BRIEF: All that is needed is an exact copy of the lines from the beginning of the data below through the line containing "12 x 2 inches", minus the pictures.

[Data extracted from a collection]
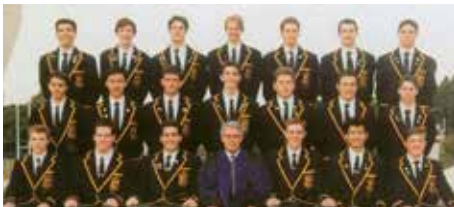
The Lion & Lang Syne • Issue 01 • Vol. 26
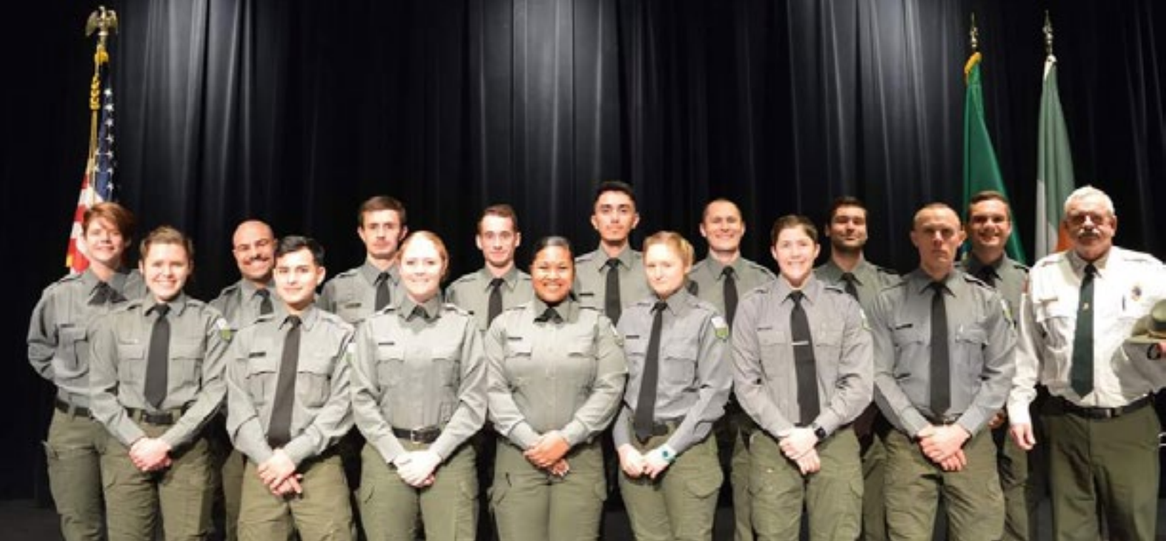
The Skagit Valley College Park Ranger Law Enforcement Academy Fall graduating Class of 2021.
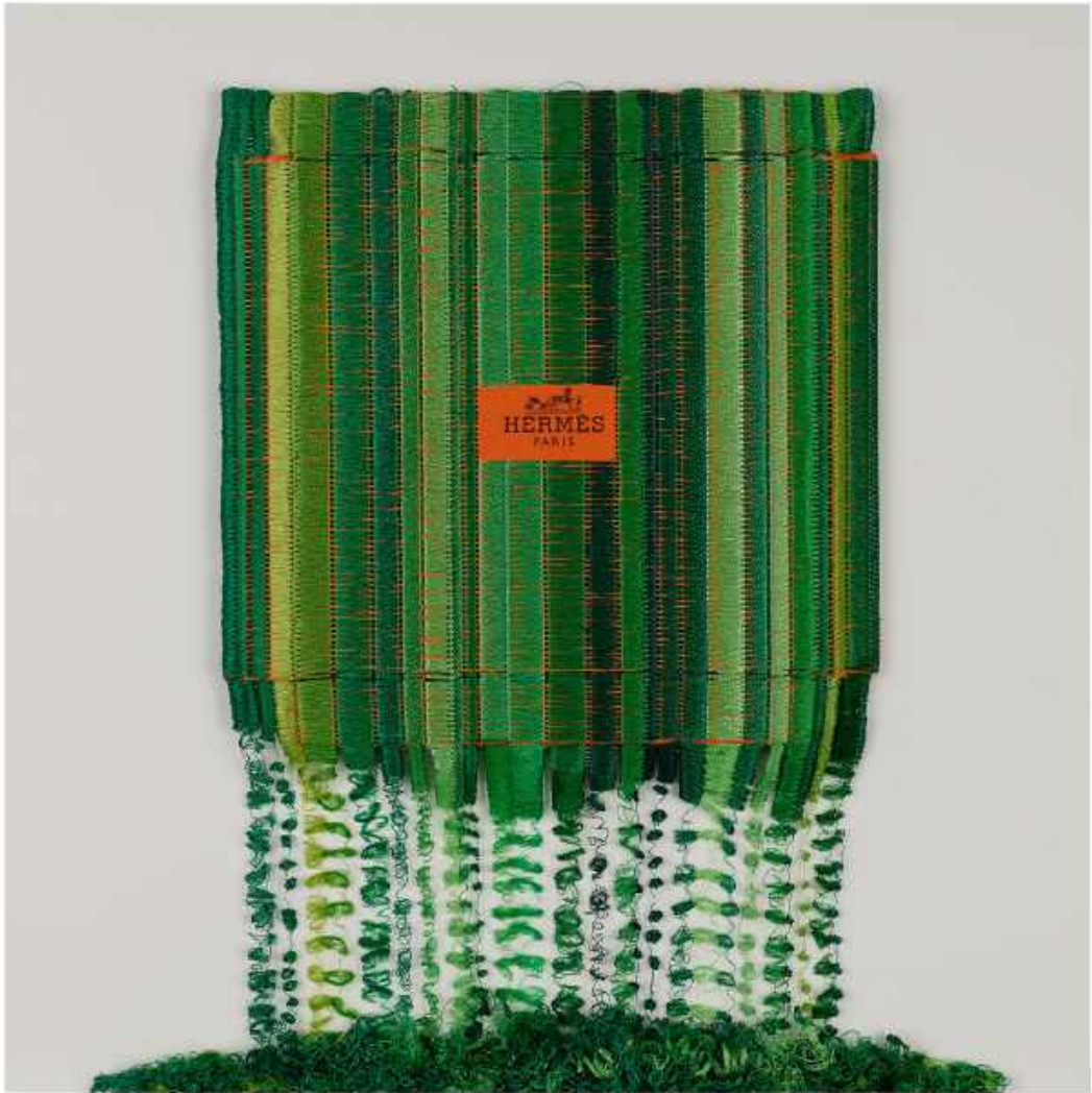
Stephen Wilson "Green Hermes Drip III" 2018 Embroidered Luxury Box With Hand Distressed Thread Drips 12 x 12 x 2 inches
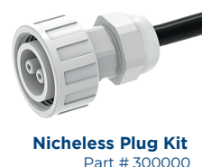
Nicheless Plug Kit Part # 300000
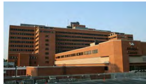
VA Medical Center - Durham, NC 12 story medical facility ~700,000 sqft

REPLY:
The Lion & Lang Syne • Issue 01 • Vol. 26
The Skagit Valley College Park Ranger Law Enforcement Academy Fall graduating Class of 2021.
Stephen Wilson "Green Hermes Drip III" 2018 Embroidered Luxury Box With Hand Distressed Thread Drips 12 x 12 x 2 inches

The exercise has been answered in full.